**TRY IT**
Beginning with the line containing "White & Green" and ending with the line containing "据IT之家此前报道,华为在 11 月", write out each line of the records below exactly; pictures and lines outside that range are left out.

**DATA**

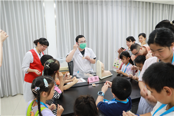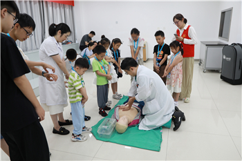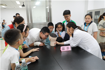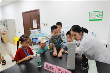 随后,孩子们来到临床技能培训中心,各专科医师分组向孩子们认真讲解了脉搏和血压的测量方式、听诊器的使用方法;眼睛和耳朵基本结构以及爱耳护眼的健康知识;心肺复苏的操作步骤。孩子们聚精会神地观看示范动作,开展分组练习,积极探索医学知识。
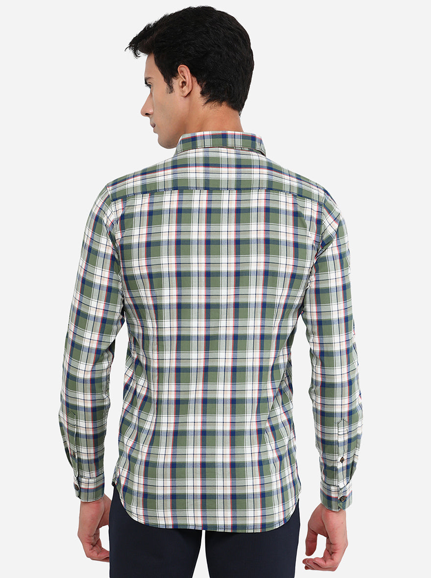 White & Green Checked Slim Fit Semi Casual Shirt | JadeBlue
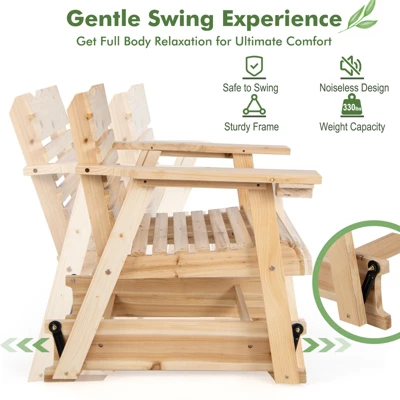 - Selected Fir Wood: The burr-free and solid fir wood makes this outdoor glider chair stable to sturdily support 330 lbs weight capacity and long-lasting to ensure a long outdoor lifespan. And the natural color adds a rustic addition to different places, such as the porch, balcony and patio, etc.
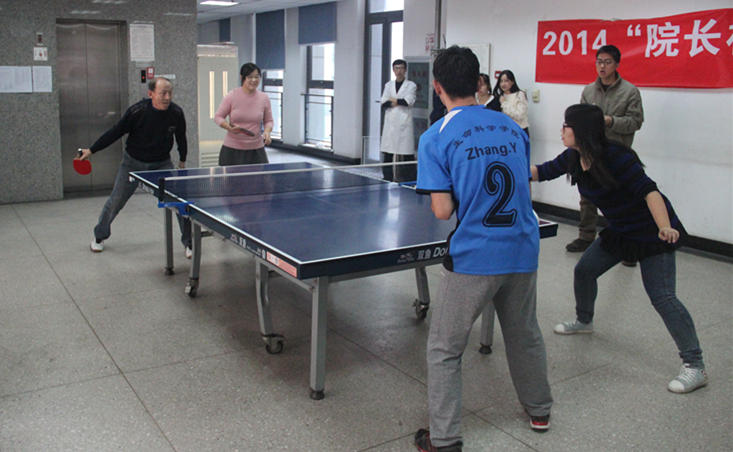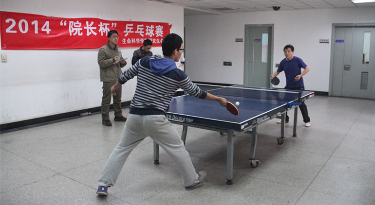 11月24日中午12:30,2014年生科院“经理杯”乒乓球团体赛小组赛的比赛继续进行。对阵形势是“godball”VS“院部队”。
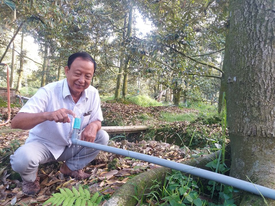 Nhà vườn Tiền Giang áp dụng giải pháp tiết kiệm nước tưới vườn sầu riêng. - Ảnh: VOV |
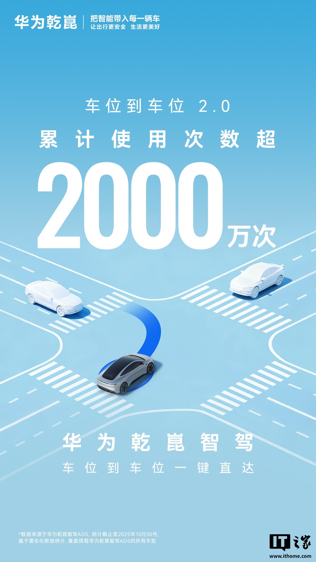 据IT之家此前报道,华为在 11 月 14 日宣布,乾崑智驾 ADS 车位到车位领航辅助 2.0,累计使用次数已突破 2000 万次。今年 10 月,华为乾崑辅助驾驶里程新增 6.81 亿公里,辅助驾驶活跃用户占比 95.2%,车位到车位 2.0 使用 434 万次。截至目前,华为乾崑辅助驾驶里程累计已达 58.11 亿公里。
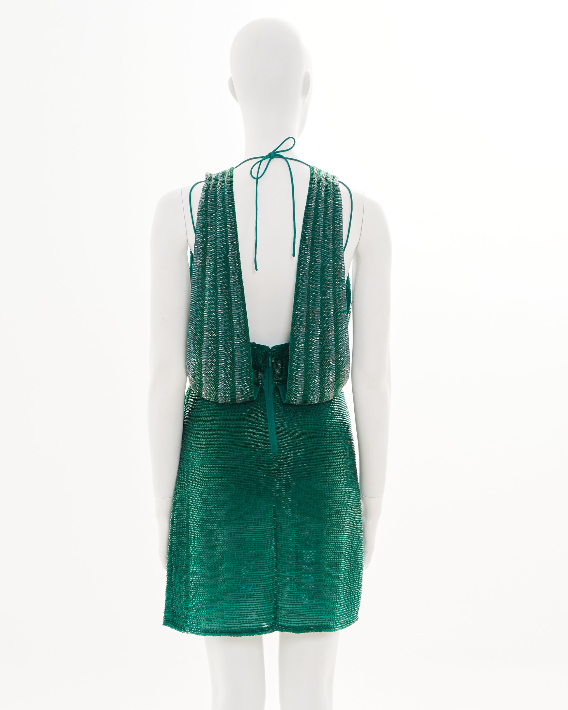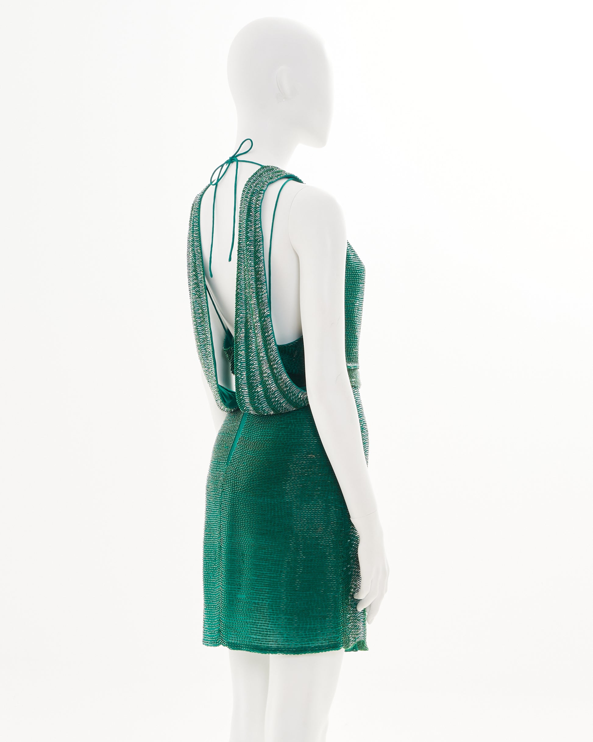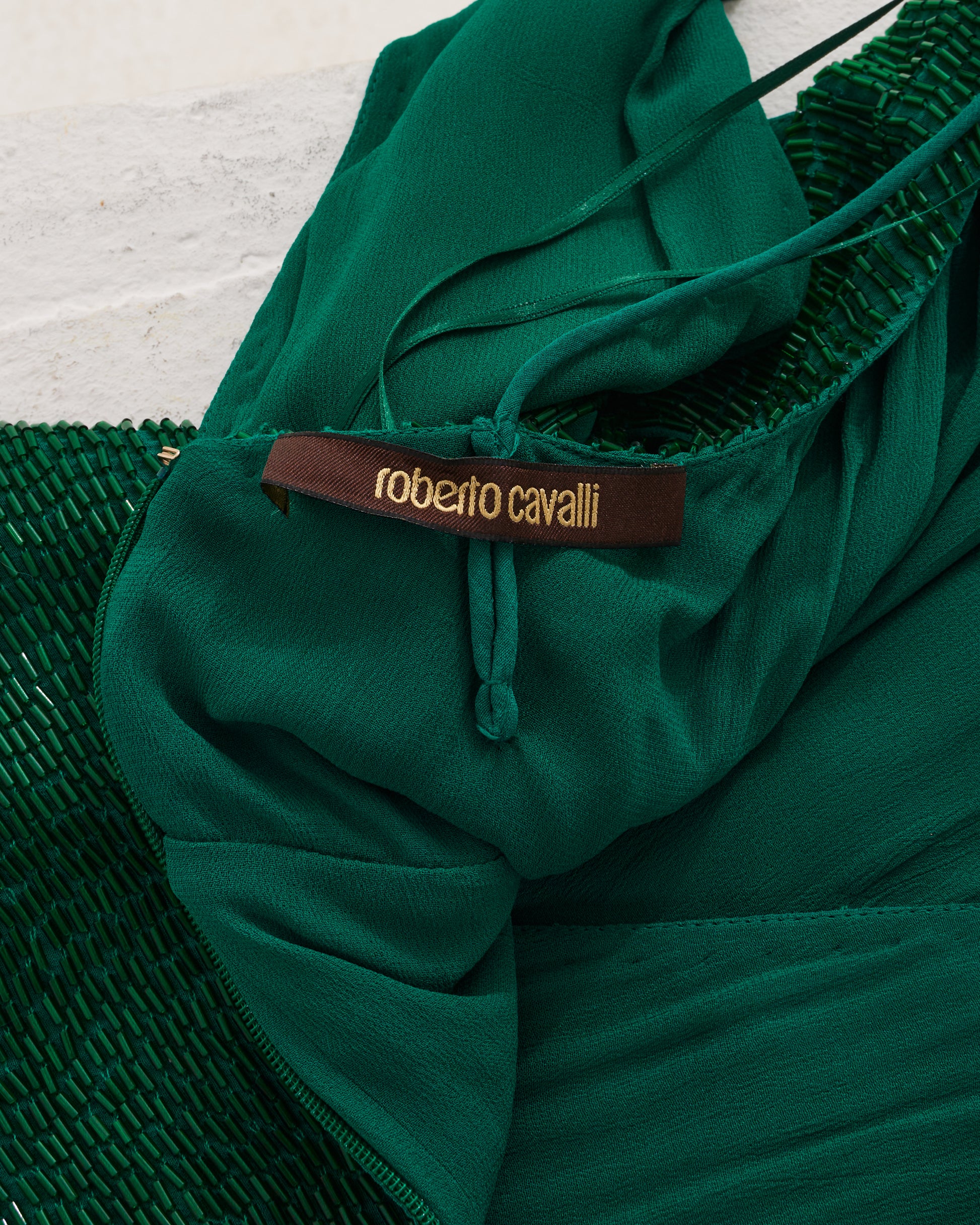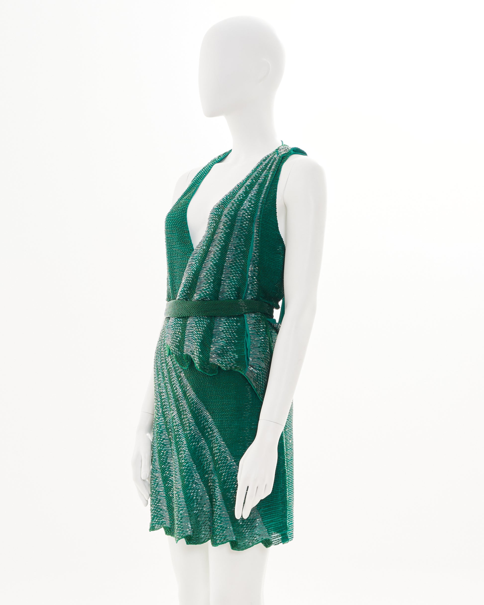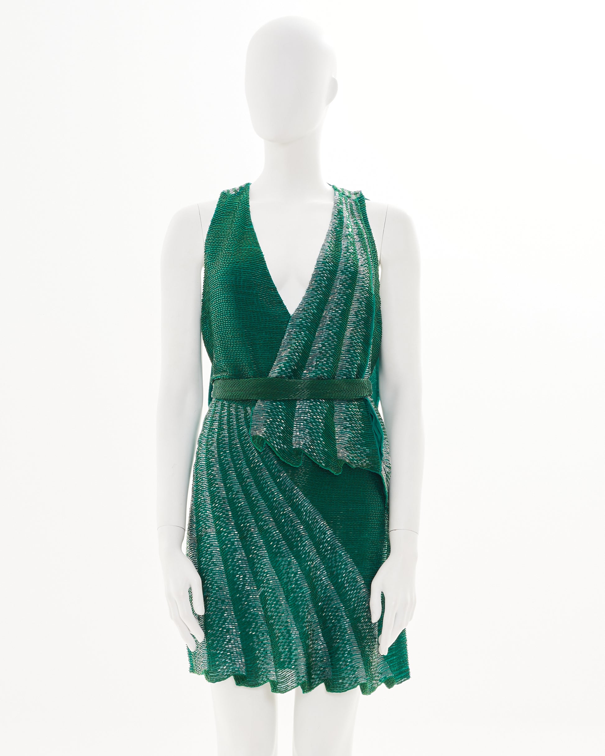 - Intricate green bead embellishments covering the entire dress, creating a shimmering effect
* * *
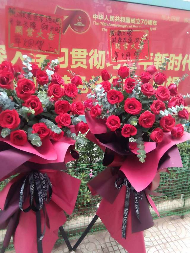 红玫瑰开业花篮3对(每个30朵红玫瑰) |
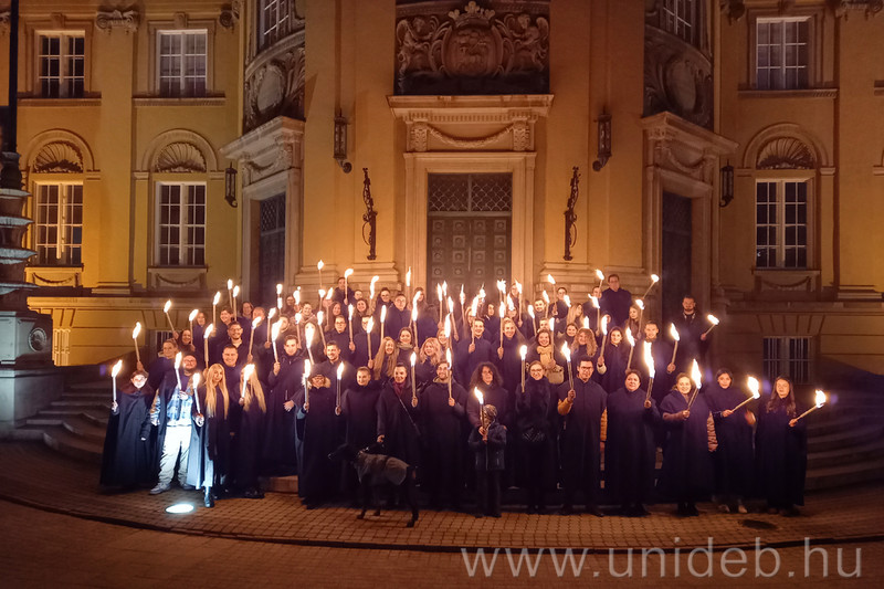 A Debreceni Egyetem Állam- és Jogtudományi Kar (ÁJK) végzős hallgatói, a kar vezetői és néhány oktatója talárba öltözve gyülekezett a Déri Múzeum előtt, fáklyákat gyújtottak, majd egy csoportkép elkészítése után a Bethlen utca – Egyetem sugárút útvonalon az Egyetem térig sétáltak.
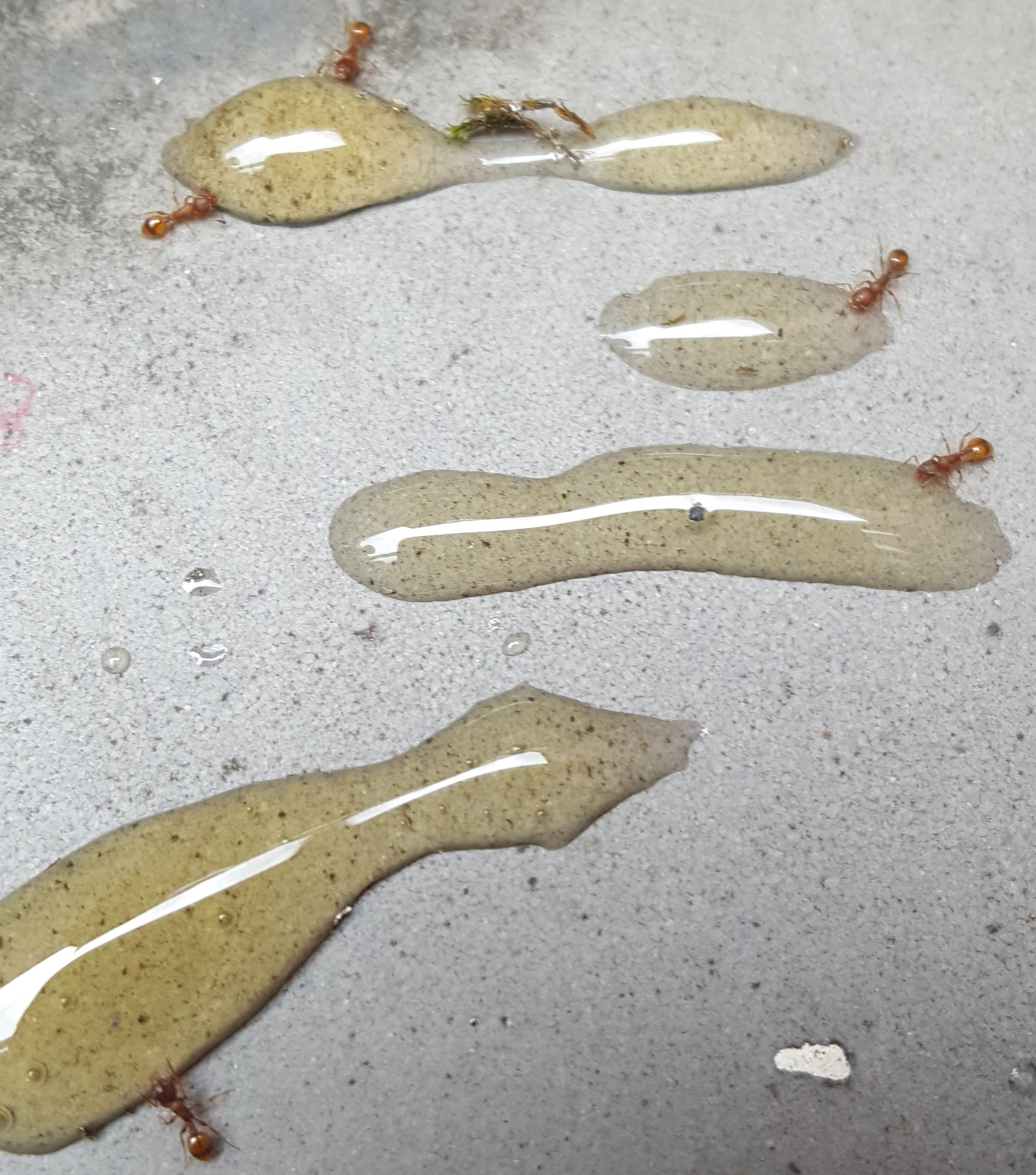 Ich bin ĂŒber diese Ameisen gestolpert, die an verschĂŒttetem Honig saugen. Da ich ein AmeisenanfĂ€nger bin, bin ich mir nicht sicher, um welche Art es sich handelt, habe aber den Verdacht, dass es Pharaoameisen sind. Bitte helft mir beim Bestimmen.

**RESULT OF THE EXERCISE**
 White & Green Checked Slim Fit Semi Casual Shirt | JadeBlue
 - Selected Fir Wood: The burr-free and solid fir wood makes this outdoor glider chair stable to sturdily support 330 lbs weight capacity and long-lasting to ensure a long outdoor lifespan. And the natural color adds a rustic addition to different places, such as the porch, balcony and patio, etc.
 11月24日中午12:30,2014年生科院“经理杯”乒乓球团体赛小组赛的比赛继续进行。对阵形势是“godball”VS“院部队”。
 Nhà vườn Tiền Giang áp dụng giải pháp tiết kiệm nước tưới vườn sầu riêng. - Ảnh: VOV |
 据IT之家此前报道,华为在 11 月 14 日宣布,乾崑智驾 ADS 车位到车位领航辅助 2.0,累计使用次数已突破 2000 万次。今年 10 月,华为乾崑辅助驾驶里程新增 6.81 亿公里,辅助驾驶活跃用户占比 95.2%,车位到车位 2.0 使用 434 万次。截至目前,华为乾崑辅助驾驶里程累计已达 58.11 亿公里。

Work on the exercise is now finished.